I spent my time at MIRC completing a Master Degree in Dr. Ali Ashkar’s lab. I loved my experience during those years (which was not too long ago!) for several different reasons. I was working on a project that I was extremely passionate about – we were working to understand the impact of the tumor microenvironment on the phenotype and function of NK cells found within pyMT transgenic mice, as well as strategies that could shift the immune response towards tumor rejection. Cancer immunology was and still is such a rapidly evolving field, and I felt very excited and grateful to work in the area. I also had an amazing lab and supervisor; and I made many life-long friendships during my time at MIRC. Finally, looking back I realize how much I grew during my time there, from stimulating committee meetings, to presentations at WIP, to courses like Advanced Immunobiology, it was a challenging yet exciting time and I learned a lot!

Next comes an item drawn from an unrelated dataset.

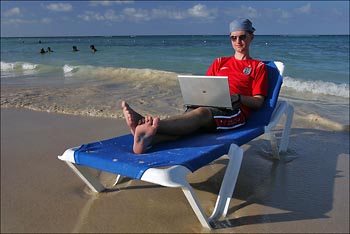 This morning we took a cab ride to Ocho Rios, the closest town to our hotel. The main goal was to find an Internet cafe so I can plug in my laptop and upload some news and see my emails. I don't know why, but they don't allow to connect laptops, you are only allowed to use their computers. We got lucky though, after playing around with the hub I found a way to plug my laptop in and was able to use it.

As a member of the medical affairs team at a pharmaceutical company, I work closely with Scientific Experts to provide medical support and deliver educational initiatives with the ultimate goal of improving patient care. My current role is specifically as a Medical Education Associate. What that means is I work with experts on the development and implementation of educational programs for physicians that meet an unmet learning need. What excites me most about my role is constantly learning about cutting edge, scientific advances and at the same time being able to see how practically these advances change the way medicine is practiced today. It’s truly exciting to see a drug move from development, to approval, to guidelines, and ultimately to improving patient care.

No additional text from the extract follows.